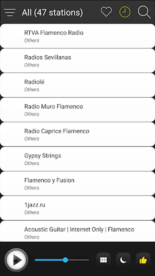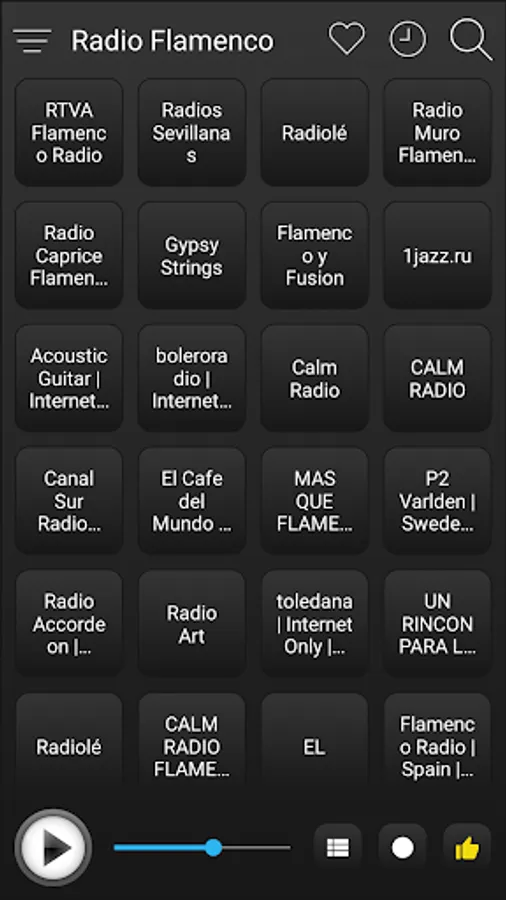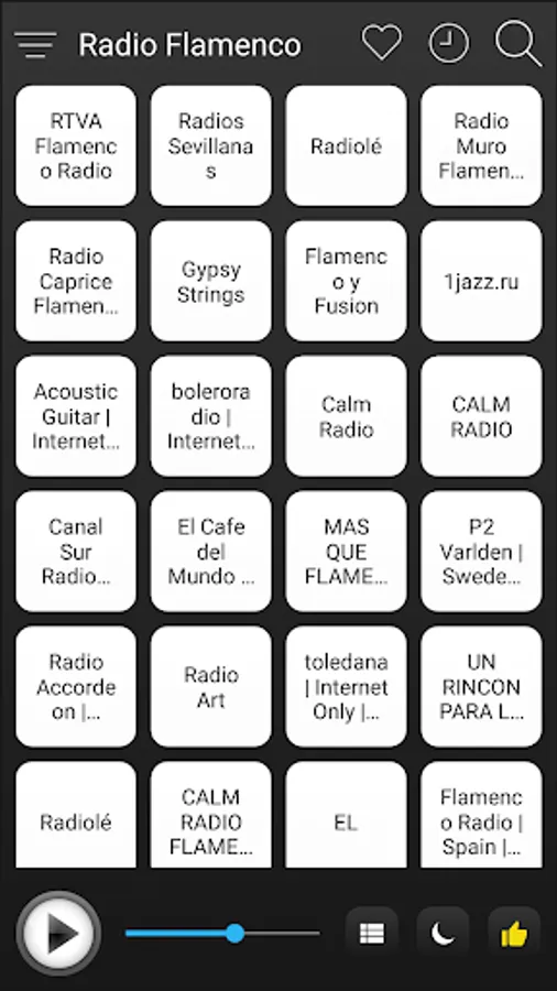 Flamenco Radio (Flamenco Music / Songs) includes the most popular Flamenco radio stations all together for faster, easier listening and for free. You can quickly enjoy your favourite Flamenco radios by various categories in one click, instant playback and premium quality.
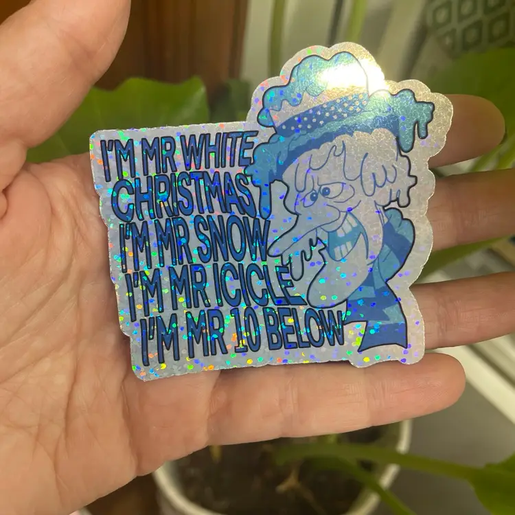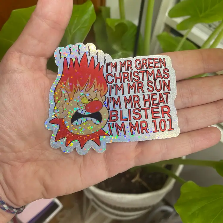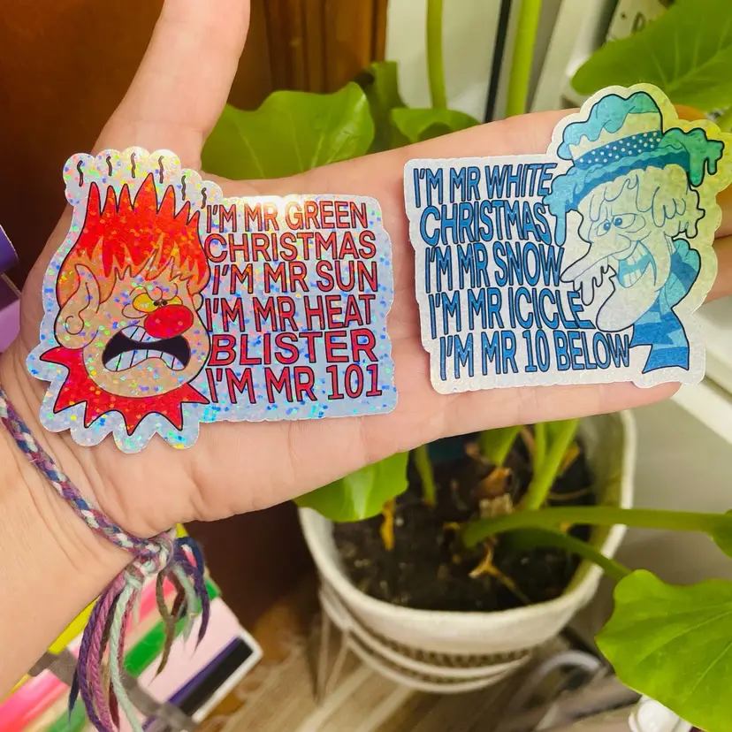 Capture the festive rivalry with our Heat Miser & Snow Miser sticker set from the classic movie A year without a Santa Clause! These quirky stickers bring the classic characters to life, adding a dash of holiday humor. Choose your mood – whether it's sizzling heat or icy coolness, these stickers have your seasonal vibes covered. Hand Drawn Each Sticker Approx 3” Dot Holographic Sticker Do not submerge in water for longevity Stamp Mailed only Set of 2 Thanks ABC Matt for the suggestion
---
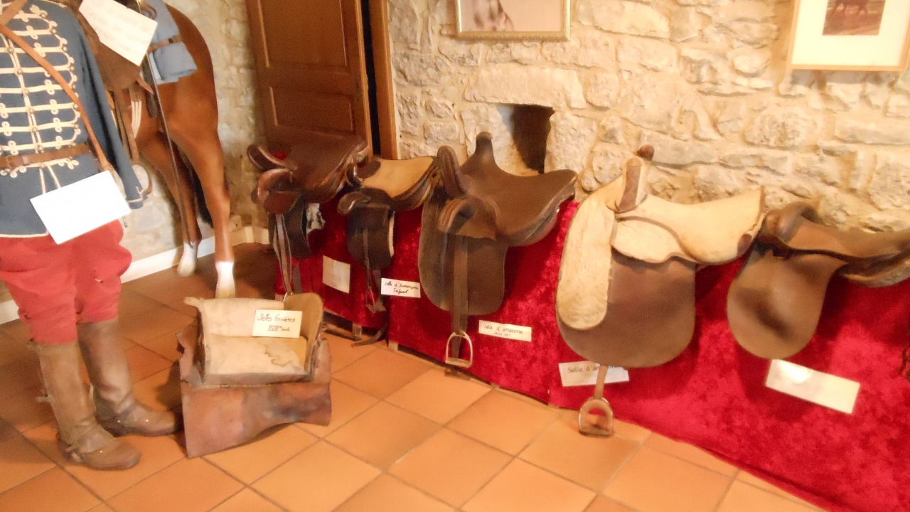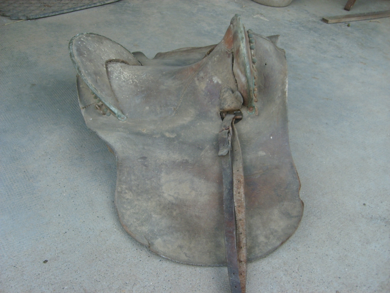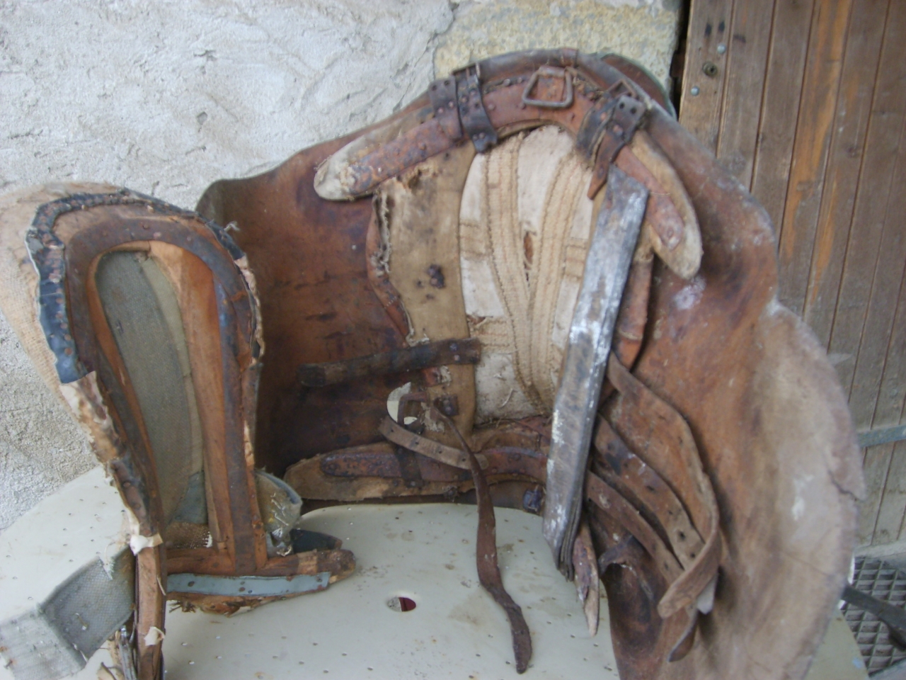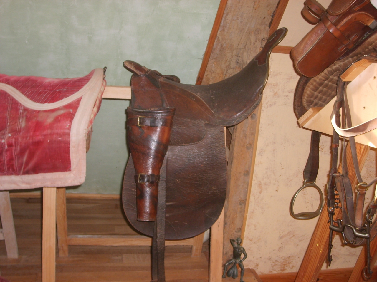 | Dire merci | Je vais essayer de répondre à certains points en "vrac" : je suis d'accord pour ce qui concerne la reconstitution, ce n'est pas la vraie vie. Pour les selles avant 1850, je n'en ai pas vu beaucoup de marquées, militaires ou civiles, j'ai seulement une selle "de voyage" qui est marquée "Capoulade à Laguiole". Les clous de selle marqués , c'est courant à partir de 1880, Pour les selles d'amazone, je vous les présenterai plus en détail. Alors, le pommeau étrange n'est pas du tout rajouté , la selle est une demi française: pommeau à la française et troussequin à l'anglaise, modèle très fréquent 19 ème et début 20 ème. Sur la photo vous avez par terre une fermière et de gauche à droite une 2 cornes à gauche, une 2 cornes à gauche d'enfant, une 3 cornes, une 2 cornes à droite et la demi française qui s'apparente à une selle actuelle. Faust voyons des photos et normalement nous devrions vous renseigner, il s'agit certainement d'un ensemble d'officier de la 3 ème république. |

YOUR GOAL:
Go down the entries above from the line containing "Flamenco Radio (Flamenco" to the line containing "Capture the festive" and write out each line exactly, leaving pictures out.

SOLUTION FOR THIS EXERCISE:
 Flamenco Radio (Flamenco Music / Songs) includes the most popular Flamenco radio stations all together for faster, easier listening and for free. You can quickly enjoy your favourite Flamenco radios by various categories in one click, instant playback and premium quality.
 Capture the festive rivalry with our Heat Miser & Snow Miser sticker set from the classic movie A year without a Santa Clause! These quirky stickers bring the classic characters to life, adding a dash of holiday humor. Choose your mood – whether it's sizzling heat or icy coolness, these stickers have your seasonal vibes covered. Hand Drawn Each Sticker Approx 3” Dot Holographic Sticker Do not submerge in water for longevity Stamp Mailed only Set of 2 Thanks ABC Matt for the suggestion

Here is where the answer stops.